(Data items)
▬▬▬▬▬▬▬▬▬▬
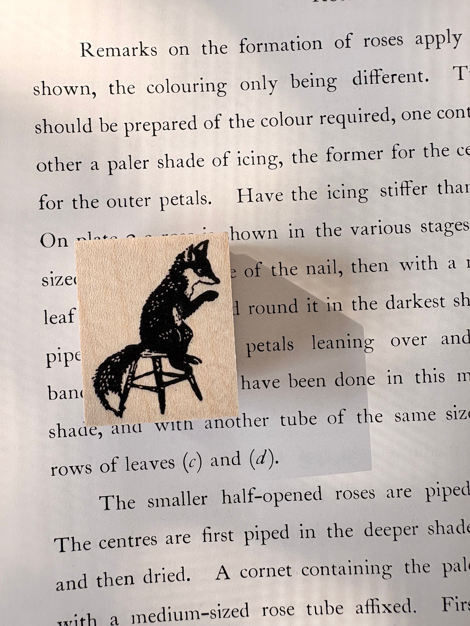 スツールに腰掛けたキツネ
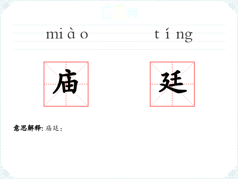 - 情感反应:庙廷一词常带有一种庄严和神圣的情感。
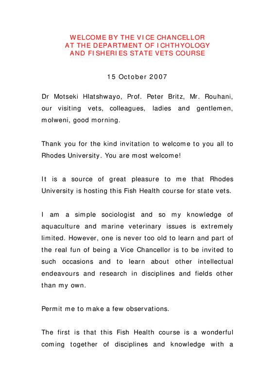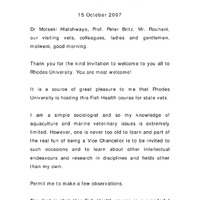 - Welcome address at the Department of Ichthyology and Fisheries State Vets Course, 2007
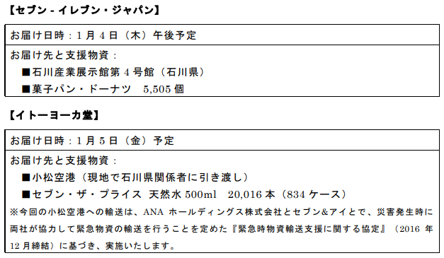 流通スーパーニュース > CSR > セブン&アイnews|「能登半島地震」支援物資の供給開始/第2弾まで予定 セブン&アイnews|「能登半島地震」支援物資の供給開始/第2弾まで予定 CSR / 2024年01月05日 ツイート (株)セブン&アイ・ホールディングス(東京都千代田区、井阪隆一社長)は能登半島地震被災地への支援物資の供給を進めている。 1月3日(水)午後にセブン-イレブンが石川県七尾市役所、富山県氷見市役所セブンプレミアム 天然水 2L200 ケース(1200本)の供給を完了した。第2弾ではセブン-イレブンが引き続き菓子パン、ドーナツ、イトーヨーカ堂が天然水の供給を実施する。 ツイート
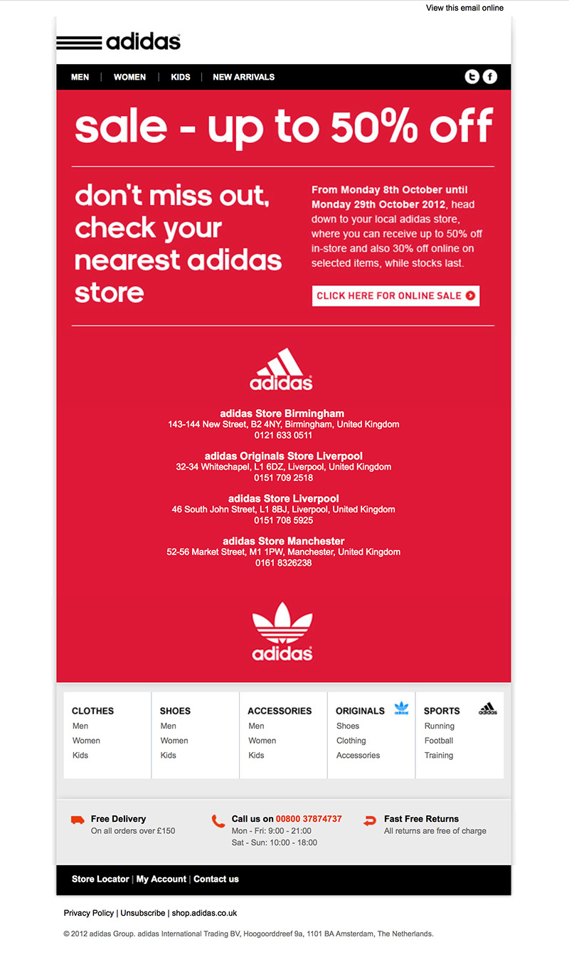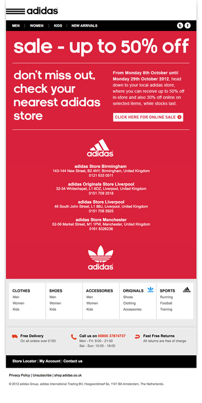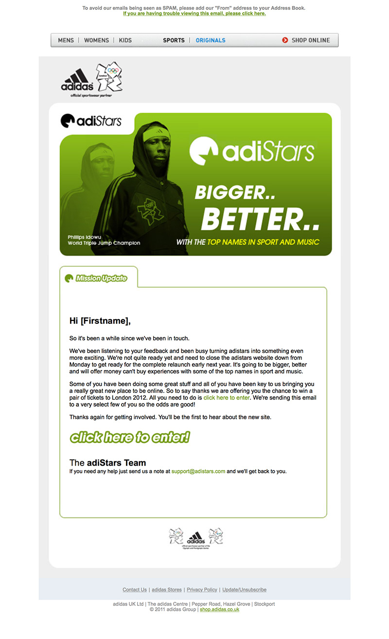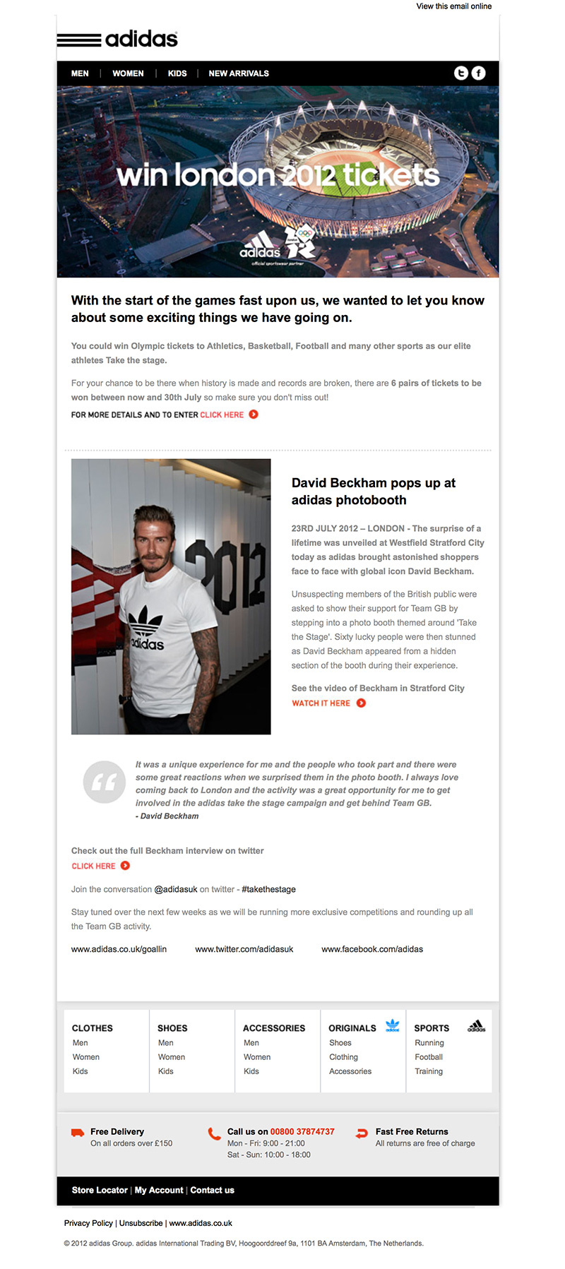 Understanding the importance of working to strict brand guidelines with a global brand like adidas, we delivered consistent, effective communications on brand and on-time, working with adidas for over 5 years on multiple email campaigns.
▬▬▬▬▬▬▬▬▬▬
=== EXERCISE DESCRIPTION ===
Leave the pictures out and reproduce every record above exactly.

=== RESPONSE TO THE EXERCISE ===
 スツールに腰掛けたキツネ
 - 情感反应:庙廷一词常带有一种庄严和神圣的情感。
 - Welcome address at the Department of Ichthyology and Fisheries State Vets Course, 2007
 流通スーパーニュース > CSR > セブン&アイnews|「能登半島地震」支援物資の供給開始/第2弾まで予定 セブン&アイnews|「能登半島地震」支援物資の供給開始/第2弾まで予定 CSR / 2024年01月05日 ツイート (株)セブン&アイ・ホールディングス(東京都千代田区、井阪隆一社長)は能登半島地震被災地への支援物資の供給を進めている。 1月3日(水)午後にセブン-イレブンが石川県七尾市役所、富山県氷見市役所セブンプレミアム 天然水 2L200 ケース(1200本)の供給を完了した。第2弾ではセブン-イレブンが引き続き菓子パン、ドーナツ、イトーヨーカ堂が天然水の供給を実施する。 ツイート
 Understanding the importance of working to strict brand guidelines with a global brand like adidas, we delivered consistent, effective communications on brand and on-time, working with adidas for over 5 years on multiple email campaigns.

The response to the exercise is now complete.